Il vecchio rise, divertito.
“Pensi davvero che per essere pazzi bisogna essere ricoverati in qualche ospedale psichiatrico come dicevi prima tu…”
“David…”
“Vedi, David – riprese il vecchio – essere pazzi non vuol dire necessariamente avere qualche rotella fuori posto…basta molto, molto meno…”
“Ah, sì? Cosa? Fammi qualche esempio! Perché non mi racconti come si fa a diventare pazzi? Si fa una domanda di ammissione a qualche specie di club e si vede se si può girare comodamente su un autobus per le strade del centro???”, rispose, alterato.
“Non è difficile, David – rispose il vecchio, ignorando la reazione del ragazzo – vedi, in fondo ognuno di noi ha dentro una parte di sé pronta a esplodere da un momento all’altro…c’è chi aveva un lavoro che poi ha perso, chi aveva un amore che l’ha lasciato…ed è in quel momento, in quel preciso momento, che si rischia di diventare passeggeri di questa corsa. Tu sei mai stato lasciato, David?”
Il ragazzo distolse lo sguardo dal vecchio.
“Io…io…in verità no…” – rispose imbarazzato.
Questa volta non fu il vecchio a rispondere, ma un uomo seduto poco distante da loro. Un barbone sui sessant’anni, avvolto in un impermeabile logoro e in un cappello che gli copriva buona parte del viso. L’uomo, che fino a quel momento era rimasto in silenzio seguendo dal finestrino il viaggio dell’autobus, si era appena voltato verso i due uomini.
“Già immagino il tipo…fidanzato al liceo con la bruttina della classe, quella che non vuole nessuno…lui sa che non può aspirare a niente di meglio, lei anche…si fidanzano, sapendo già dall’inizio come andrà a finire…saranno costretti a sposarsi, passeranno le loro stanche vite insieme, giorno dopo giorno…senza mai avere il coraggio di capire che quello che provano l’uno nei confronti dell’altra non è amore, ma una strana forma di indifferenza e pietà…un classico…”
L’uomo si era rivolto a David, e, nonostante le sue parole, il suo tono non era quello di uomo che vuole ferire.
“David, ti presento Jacob – intervenne il vecchio – lui è il più matto di tutti…ha una forma di pazzia dalla quale tutti vogliono tenersi alla larga...Jacob ha il potere di dire sempre la verità…”, disse.

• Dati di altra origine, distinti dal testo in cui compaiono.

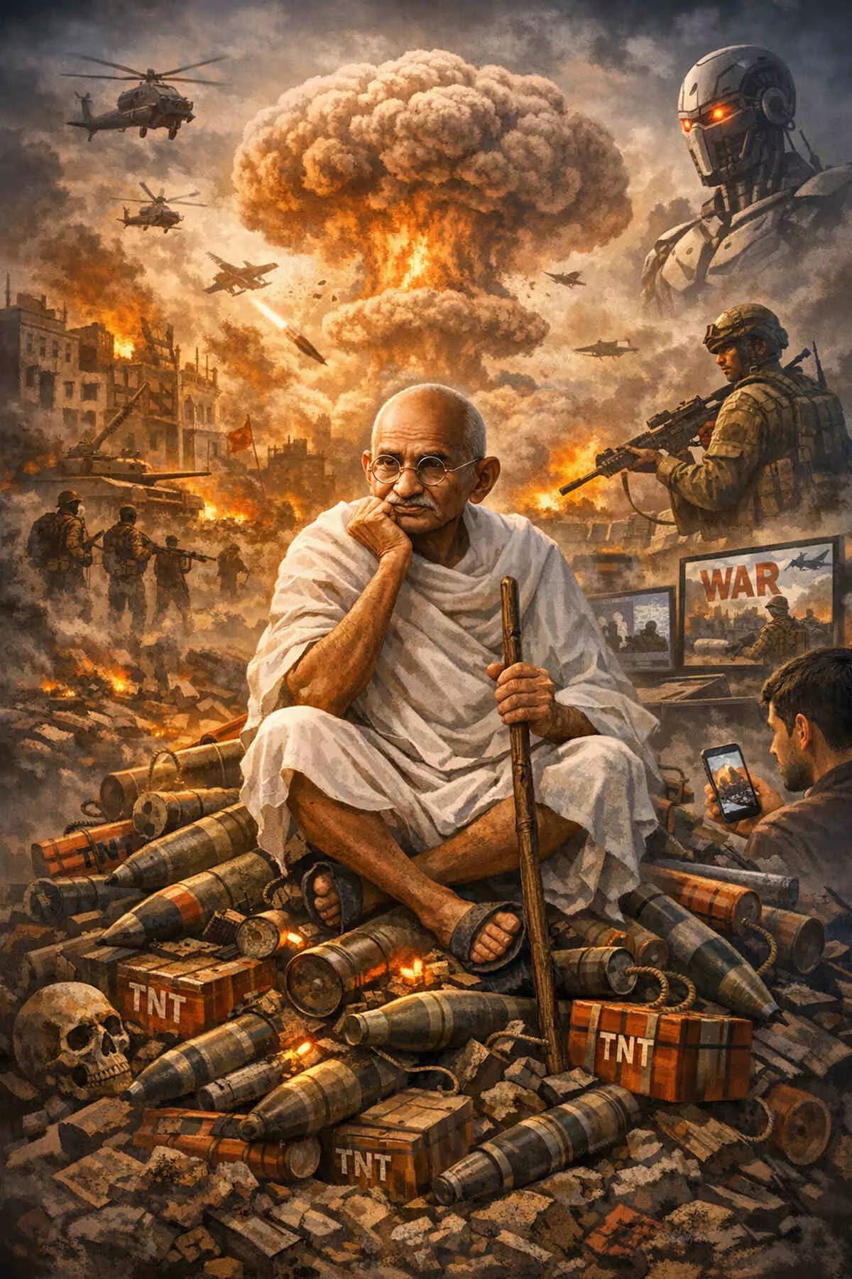 आज की दुनिया एक अजीब और डरावनी विडंबना से गुजर रही है। एक तरफ हमारे पास कृत्रिम मेधा (एआई) और अंतरिक्ष फतह करने वाली तकनीक है, तो दूसरी तरफ हमारे विचार पाषाण युग की हिंसक प्रवृत्तियों की ओर लौट रहे हैं। रूस की सीमाओं से लेकर मध्य-पूर्व के मलबों तक, और दक्षिण चीन सागर की लहरों से लेकर हमारे अपने भीतर पनपती नफरत तक—पूरी मानवता आज बारूद के ढेर पर बैठी है। ऐसे समय में जब मिसाइलों की गर्जना और ड्रोनों की भिनभिनाहट को 'राष्ट्रीय गौरव' का संगीत मान लिया गया हो, महात्मा गांधी की याद आना कई लोगों को एक पुरानी पड़ चुकी रस्म लग सकता है।

David guardò l’uomo, poi abbassò la testa proprio un attimo prima che una vampata di calore lo rendesse rosso in volto. Jacob aveva detto la verità.
Il vecchio guardò David con affetto, fissandolo con un sorriso paterno.
“Bè, David, buon per te…l’amore, in fondo, non è quello che raccontano nei libri…puoi ritenerti fortunato, ragazzo mio… - disse – ma dimmi, David…l’affetto di un genitore? Quello l’hai mai perso?”
Ancora una volta, fu Jacob a intervenire.
“Evita certe domande, non è il caso di fargliele…non si tratta di averlo perso o meno…il ragazzo non l’ha mai conosciuto, l’affetto di un genitore…”, disse.
“Jacob, smettila! Penso che David sappia parlare da solo”, gli rispose il vecchio, sorridendo affabile verso David.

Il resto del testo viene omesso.